| HOW TO COMPLETE THIS TASK |
Reproduce exactly, and only, the lines of the material below running from the line bearing "Manage your Alexa" through the line bearing "びわ湖バレイは、標高1100". Leave any pictures out.

PROVIDED ENTRIES section start

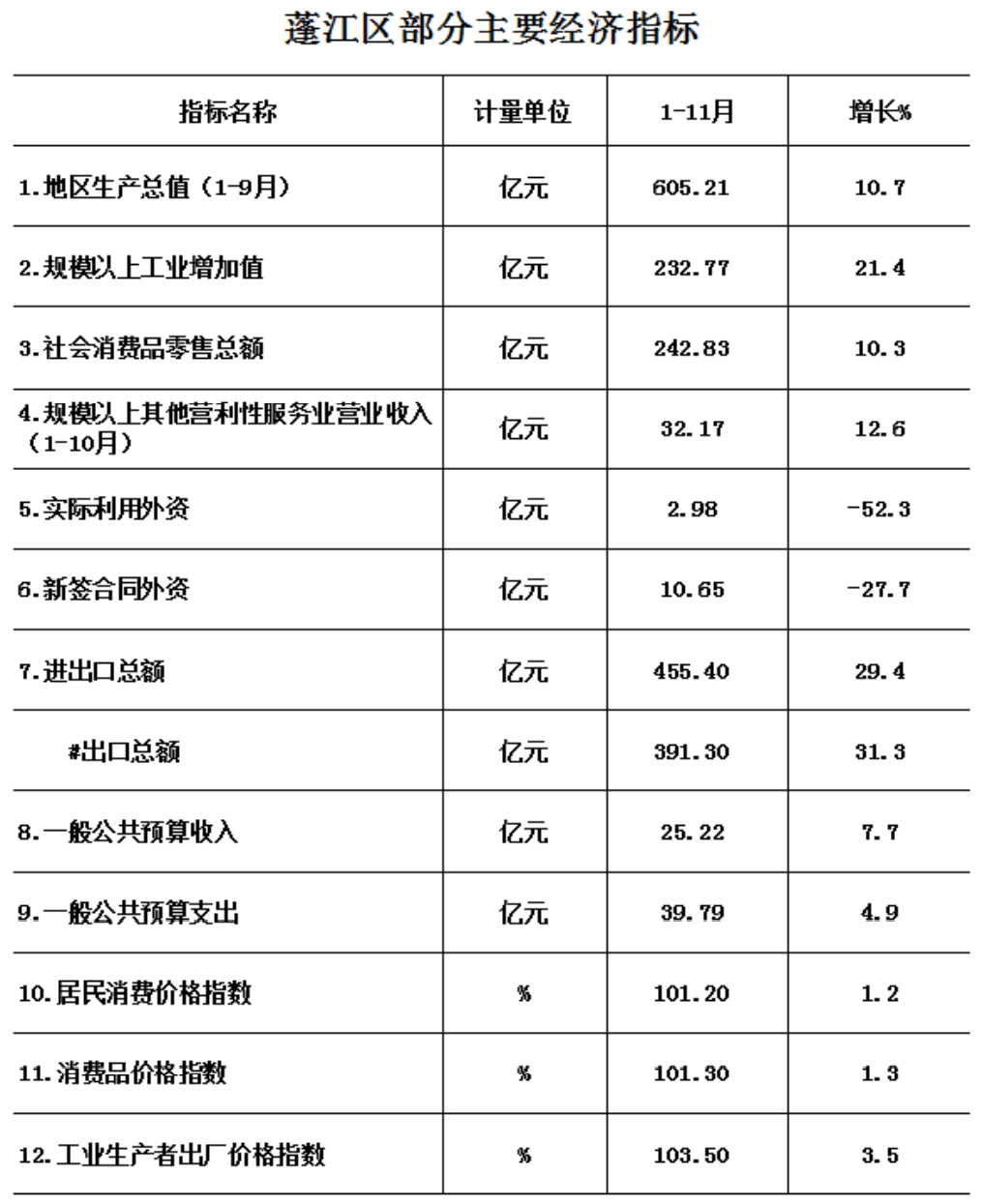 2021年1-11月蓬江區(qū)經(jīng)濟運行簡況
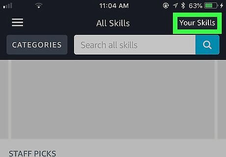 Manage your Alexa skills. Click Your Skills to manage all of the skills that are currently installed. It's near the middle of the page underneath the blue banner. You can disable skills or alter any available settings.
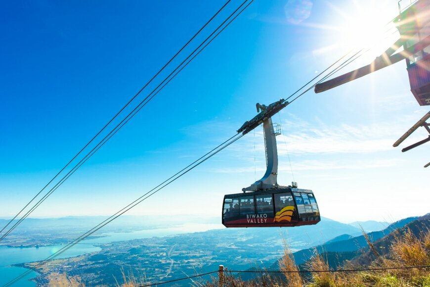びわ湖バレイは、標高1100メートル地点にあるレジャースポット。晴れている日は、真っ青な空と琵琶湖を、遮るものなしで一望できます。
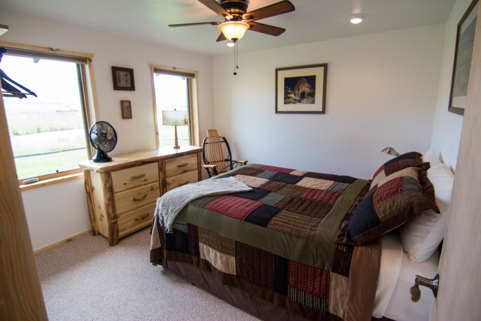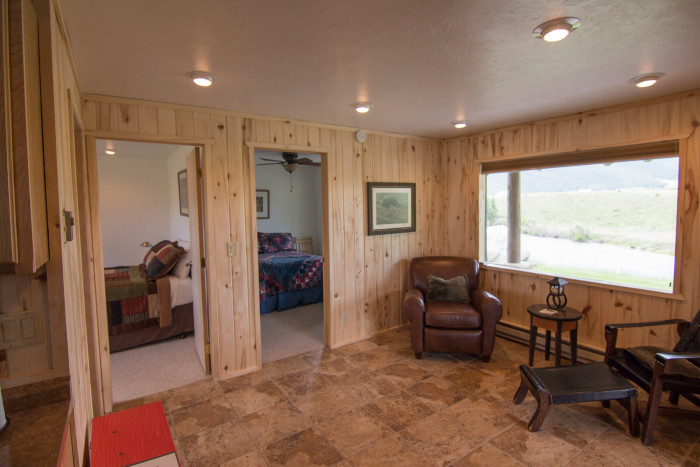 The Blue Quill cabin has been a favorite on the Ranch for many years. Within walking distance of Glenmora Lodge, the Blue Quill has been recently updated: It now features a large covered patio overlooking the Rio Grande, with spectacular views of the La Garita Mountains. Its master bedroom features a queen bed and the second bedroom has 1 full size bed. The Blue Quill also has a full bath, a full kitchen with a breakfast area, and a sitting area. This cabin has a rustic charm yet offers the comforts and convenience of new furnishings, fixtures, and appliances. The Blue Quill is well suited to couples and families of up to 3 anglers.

PROVIDED ENTRIES section end
PROVIDED ENTRIES section start

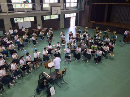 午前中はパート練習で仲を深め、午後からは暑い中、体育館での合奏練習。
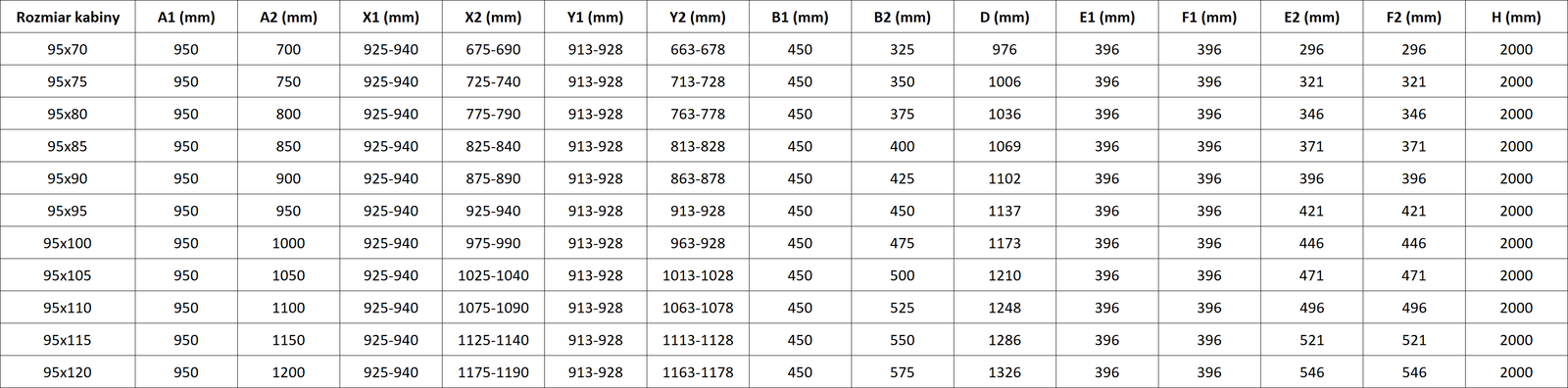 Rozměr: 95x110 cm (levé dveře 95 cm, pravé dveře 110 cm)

PROVIDED ENTRIES section end
PROVIDED ENTRIES section start

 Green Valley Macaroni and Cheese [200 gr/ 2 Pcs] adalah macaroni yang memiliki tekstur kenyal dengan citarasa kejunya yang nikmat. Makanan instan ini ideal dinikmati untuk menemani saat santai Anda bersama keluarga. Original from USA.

PROVIDED ENTRIES section end

| EXERCISE OUTPUT |
 Manage your Alexa skills. Click Your Skills to manage all of the skills that are currently installed. It's near the middle of the page underneath the blue banner. You can disable skills or alter any available settings.
びわ湖バレイは、標高1100メートル地点にあるレジャースポット。晴れている日は、真っ青な空と琵琶湖を、遮るものなしで一望できます。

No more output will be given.